Task: The answer must consist solely of the lines from the line with "Tassimo’s coffee makers" to the end of the data below, transcribed exactly and with no pictures.

Data shown:
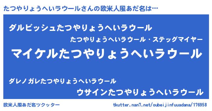 | 男性向けラノベタイトル風あだ名 | 『たつやりょうへいラウールの憂鬱』 |
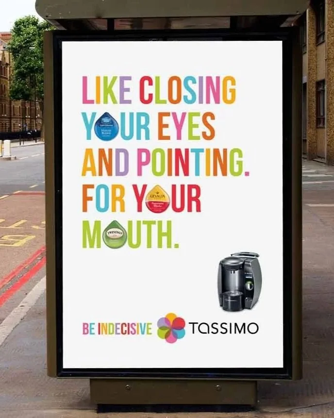 Tassimo’s coffee makers work with lots of different coffee pod brands. So in a saturated market, how do you launch them? You lean into the one thing that makes them unique: Choice. Which leads to the joy of indecisiveness. Which leads to a bold visual identity and brand that encourages people to “choose not to choose.”
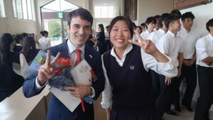 3月に現高校3年生の2名が総領事を表敬訪問し、そのご縁で実現したものです。
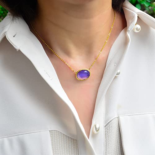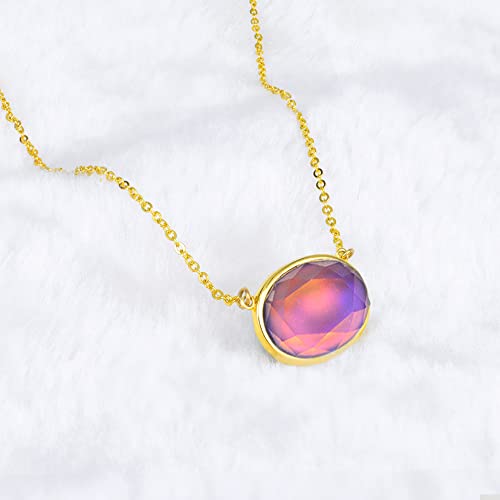 18K Gold Plated Color Changing Oval Mood Stone Pendant Mood Necklace, Facet Cut Crystal, 18” Chain, Gifts for Women 5

Solution to this task:
 Tassimo’s coffee makers work with lots of different coffee pod brands. So in a saturated market, how do you launch them? You lean into the one thing that makes them unique: Choice. Which leads to the joy of indecisiveness. Which leads to a bold visual identity and brand that encourages people to “choose not to choose.”
 3月に現高校3年生の2名が総領事を表敬訪問し、そのご縁で実現したものです。
 18K Gold Plated Color Changing Oval Mood Stone Pendant Mood Necklace, Facet Cut Crystal, 18” Chain, Gifts for Women 5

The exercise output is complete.